Required action: The reply should hold only the lines from the one with "原标题:黑鲨2配置怎么样?黑鲨游戏手机2参数和地图奖励" to the one with "Fulgte scootersporet halvveis", both ends kept, exactly as they appear below, without any pictures.

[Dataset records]

[Start of section]

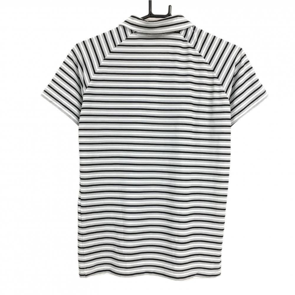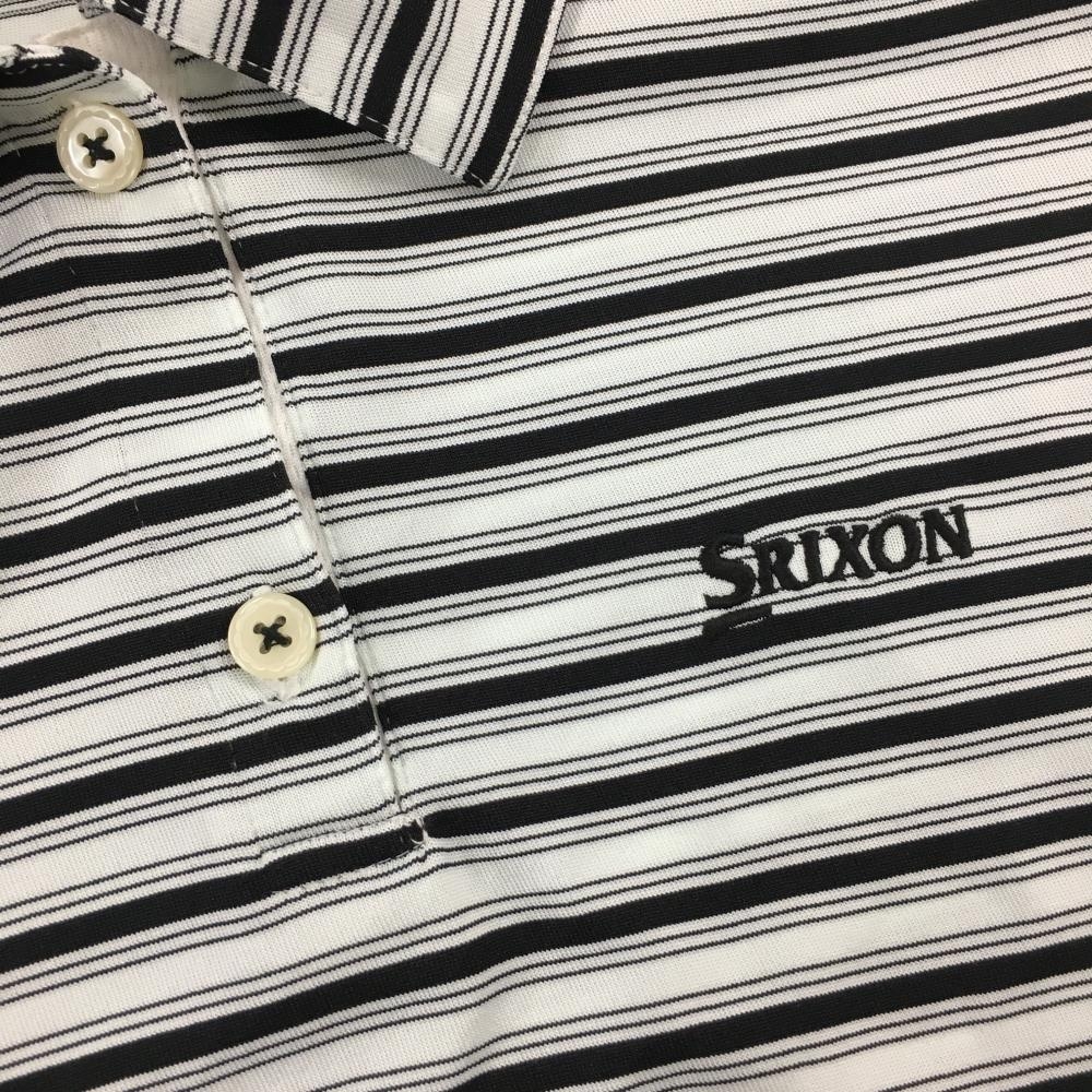 【超美品】スリクソン 半袖ポロシャツ 白×黒 ボーダー ロゴ刺しゅう レディース L ゴルフウェア SRIXON
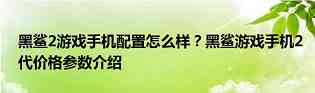 原标题:黑鲨2配置怎么样?黑鲨游戏手机2参数和地图奖励
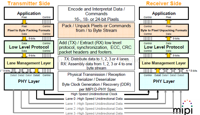 根据应用模块的需要,在发送端对发送的命令和数据进行初步编码转化为MIPI-DSI所规定的格式,而在接收端则将接收的数据还原为应用模块所支持的数据格式及时序要求。
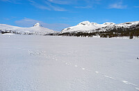 Fulgte scootersporet halvveis opp. Godt skiføre og helt vindstille. Returen var vel så bra som oppgangen.
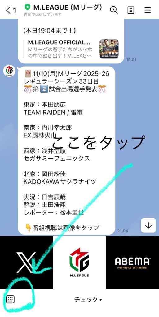 ①MリーグLINE公式アカウント( http://nav.cx/2cdpHvu )をフォローする。
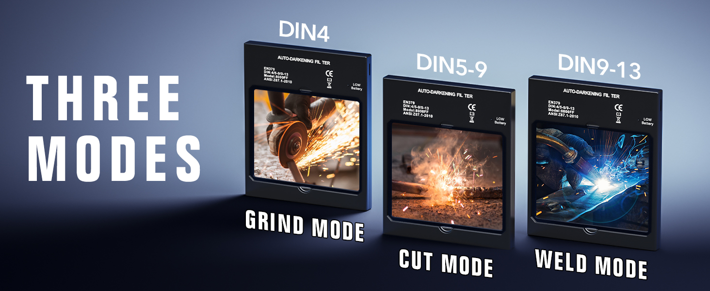 【Long-lasting and durable welding helmet】This auto darkening welding helmet is made of high-quality PP material, which is impact-resistant, flame-resistant and tough. The welder helmet complies with ANSI Z87.1/ EN379 CE/ CSA Z94.3 standards. This true color welding helmet uses solar cells and CR2450 replaceable lithium batteries. The solar cells can absorb the strong light energy caused by the electric arc, thus extending the battery life. The lithium battery is replaceable.

[End of section]

Exercise solution:
 原标题:黑鲨2配置怎么样?黑鲨游戏手机2参数和地图奖励
 根据应用模块的需要,在发送端对发送的命令和数据进行初步编码转化为MIPI-DSI所规定的格式,而在接收端则将接收的数据还原为应用模块所支持的数据格式及时序要求。
 Fulgte scootersporet halvveis opp. Godt skiføre og helt vindstille. Returen var vel så bra som oppgangen.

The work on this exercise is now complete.